*Exercise data*
<<<<

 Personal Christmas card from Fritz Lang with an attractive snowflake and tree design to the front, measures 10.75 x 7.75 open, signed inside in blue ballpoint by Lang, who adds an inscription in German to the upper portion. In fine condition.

>>>>
<<<<

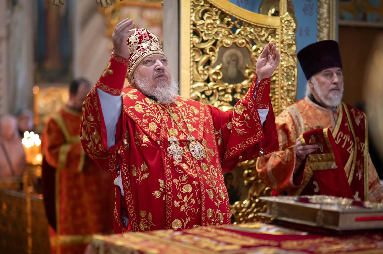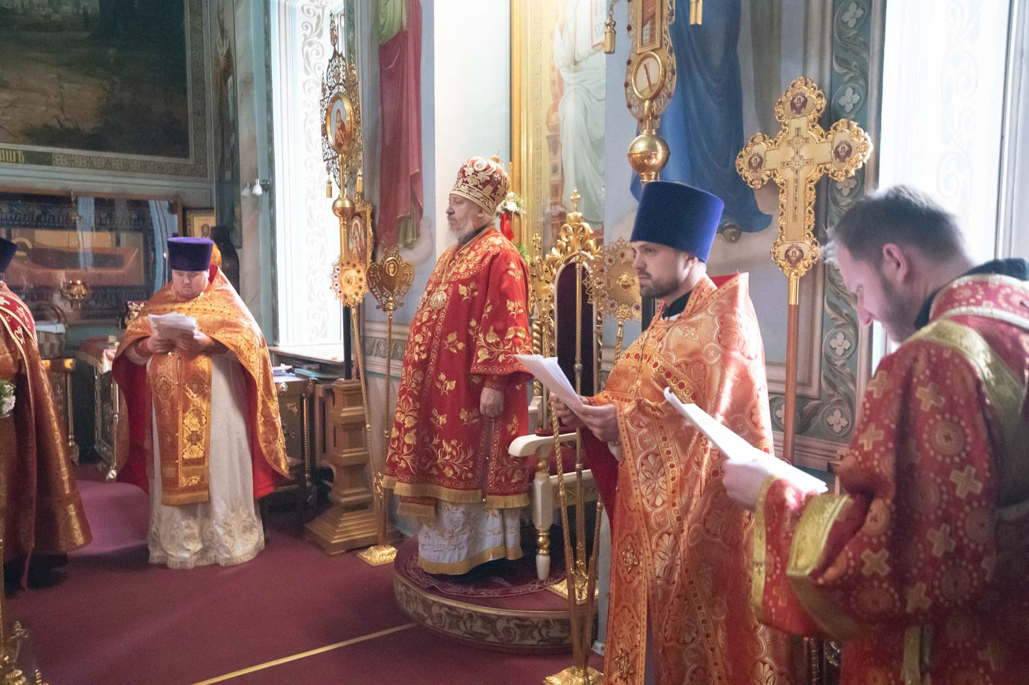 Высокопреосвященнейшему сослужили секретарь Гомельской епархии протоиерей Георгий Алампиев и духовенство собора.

>>>>
<<<<

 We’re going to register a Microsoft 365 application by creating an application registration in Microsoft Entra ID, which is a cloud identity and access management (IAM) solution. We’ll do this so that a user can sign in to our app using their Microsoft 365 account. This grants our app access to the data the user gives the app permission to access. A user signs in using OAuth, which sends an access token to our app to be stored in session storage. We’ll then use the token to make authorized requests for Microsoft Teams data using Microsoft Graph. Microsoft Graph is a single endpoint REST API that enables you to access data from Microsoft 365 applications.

>>>>

*Exercise brief*
Say how many lines in the records contain the string "from", and say nothing else.

*Output of the task*
2